Laughing, I know I can overthink. But, if someone is writing in the style of past tense, don't they have to be aware of the problems to use it well? 

Here is a paragraph by a bestselling author. The main story takes place in 2008, and is written in past tense. This is a description of a dinner in the mid-sixties. So the first sentence is (correctly) written in past perfect. But look at the rest of the sentences.

"The night Charles _had asked_ her to marry him, he _had taken_ her there for dinner and _had planned_ such a lovely evening. She _had just been crowned_ Miss Alabama, and when she _walked_ in, the band _played_ 'Stars Fell on Alabama' in her honor. She _was_ on cloud nine. They _danced_ all night and after the last dance, when they returned to their table, upon his instructions, a black velvet box with a large diamond engagement ring _had been placed_ on her dessert plate."

By the middle of the second sentence, the tense has changed from past perfect to past. That means the frame of references -- the "past" in "past perfect" -- changed from 2008 to the mid 60's. Do writers always do that? Sometimes? This was a special needs?

Where does the changeover occur? Since the first four verbs are past perfect, one might think that the changeover occurs after the fourth verb. But if you analyze the whole thing -- something readers aren't going to do -- the changeover probably occurs after the third verb, and the fourth verb refers to an event occurring in the past of this dance story.

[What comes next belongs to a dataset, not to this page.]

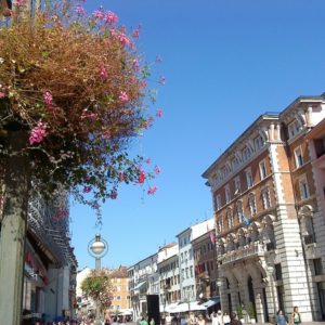 cvjetnim lončanicama na kandelabrima šarene pelargonije, bidensi, begonije i

When I read the last sentence, I thought the ring appeared after she sat down. When I carefully analyzed the tenses -- something readers aren't going to do -- I realized it probably appeared before she sat down.

When I looked at a writer who seemed to handle the past tense style well, one of her principles seemed to be "Keep it simple". In general, the problem with writing about events occurring in the past of the past of the past is fuzziness. Here, there was also a loss of meaning for something emotionally important.


----------



## Deleted member 49710 (Jul 14, 2014)

EmmaSohan said:


> ...the history of the summer really _begins_ on the evening I _drove_ over there to have dinner with the Tom Buchanans. Daisy _was_ my second cousin once removed, and I'_d known_ Tom in college. And just after the war I _spent_ two days with them in Chicago."
> 
> I think the first sentence is written in present tense. Right? But the next two sentences are written in past tense? The story in general is written in past tense.
> 
> Shouldn't "spent" be "had spent"?


No. It's at the same time that he drove over to see them in Chicago, so it's past.

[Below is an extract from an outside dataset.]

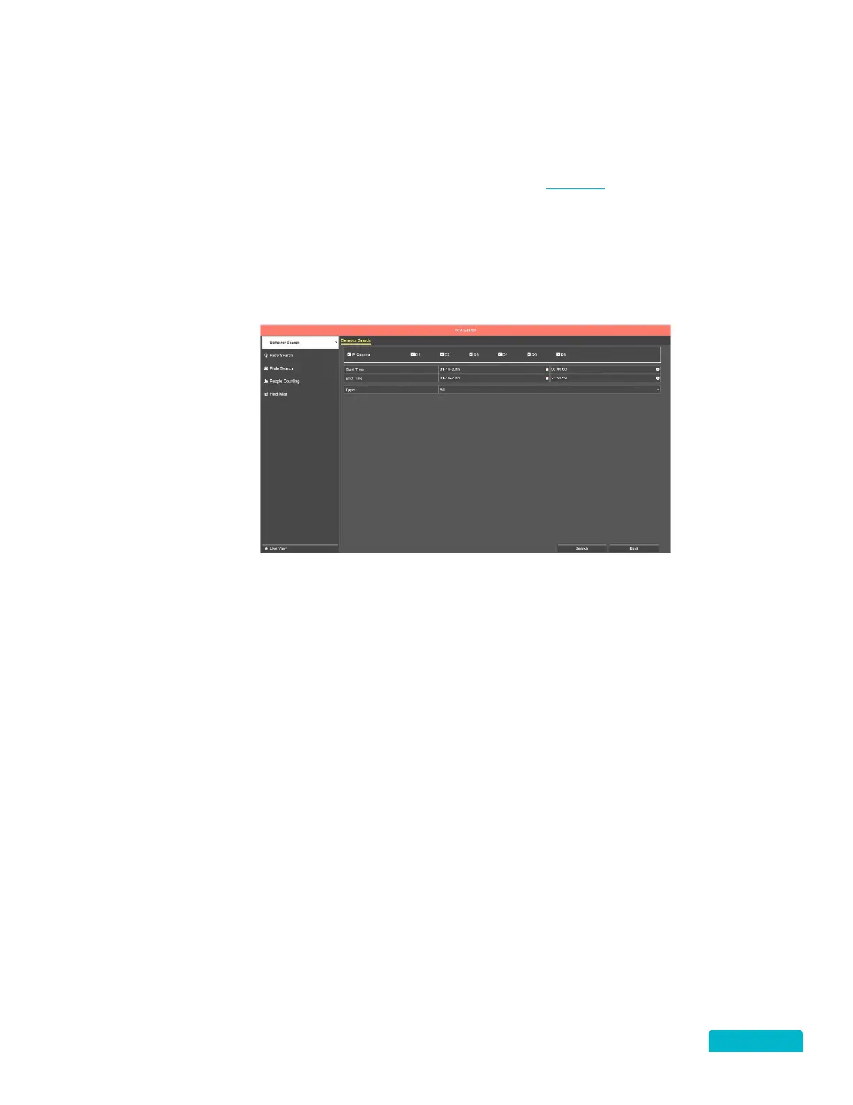 Use this screen to search events that have been triggered as a result of a line crossing, object removal,

The first sentence is in present tense because it's the narrator's present--the time at which the story is being told, which comes after the events being recounted in past tense.

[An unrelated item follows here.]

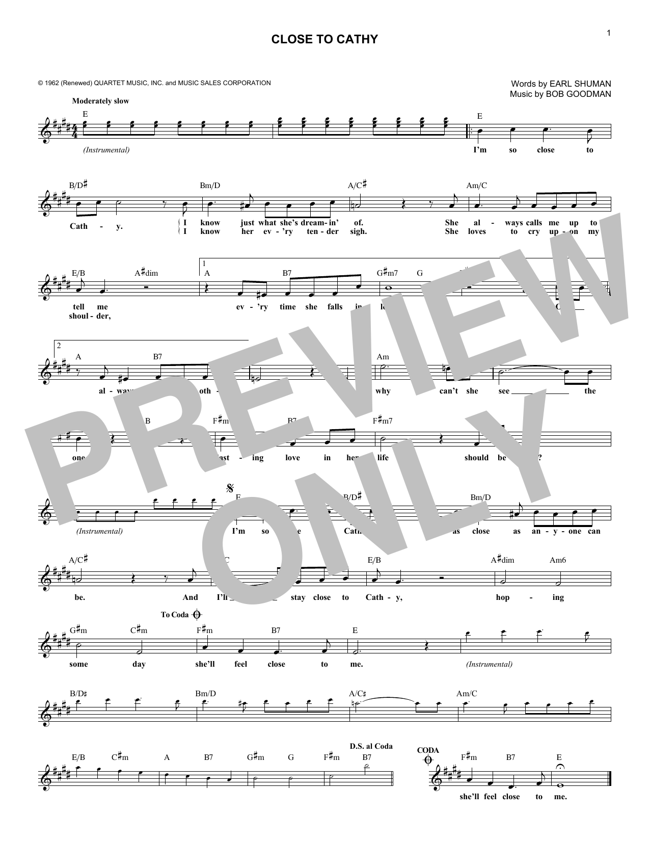 Close To Cathy Sheet Music Sample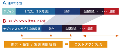 オフィスに3Dプリンターがあれば、すぐに自社内で試作品をつくることが可能になります。試作を外注した時の納品を待つ時間がなくなれば、開発期間全体の短縮が期待できます。

> "Why they came East I _don't_ know. They _had spent_ a year in France for no particular reason, and then _drifted_ here and there unrestfully....
> 
> The first sentence is written in present tense. Again, these are rare in the book. The second sentence is written in past tense, and again "drifted" should be "had drifted".


Same thing. The narrator still does not know, at the time of narration, why they came east, so this is in present. The year in France occurred prior to the drifting, so the tenses are correct.

You should name the works and authors you're citing, by the way. Fitzgerald won't mind.


----------



## EmmaSohan (Jul 15, 2014)

Sorry again if I am saying the obvious. Some writers, when the write their book in the style of past tense, write some of their setting in the style of present tense. In my opinion, Janet Evanovich does this brilliantly in Book 20 of the Stephanie Plum series. Yet Book 1 does setting in past tense (and it's painful to read). Book 3 has a little of the setting in present, Book 15 has most of the setting in present.

I thought she was unique until a few days later I discovered another modern book with some setting in the present. So, duh, there must be other writers doing that. Like, "I mistrust all frank and simple people..." (Hemmingway); "The water is warm" (Steinback); "It is a way I have of driving off the spleen and regulating the circulation." (Melville).

But Evanovich does it the best, she uses the transition into present tense for effect.


----------



## Kingstonmike (Jul 15, 2014)

I think what trips people up is that there is the past tense in the sense of the story being told after the facts and there is also the past tense of recalling events that occurred before the events of the story. So, in essence, two levels of the past.


----------



## EmmaSohan (Jul 17, 2014)

There is a "present" for a story. And when authors put something in the past of that, it bleaches out emotion. At least for me.

Imagine some exciting start. "I looked down the sight of my rifle, centered it on my victim, and pulled the trigger." Now imagine the same start preceded by "Four years ago..."

It just doesn't have the impact.

So, as near as I can tell, and I know the cant about everyone being different, you shouldn't put things in your backstory that are supposed to be emotionally important. And you shouldn't talk about how someone in the future is narrating your book.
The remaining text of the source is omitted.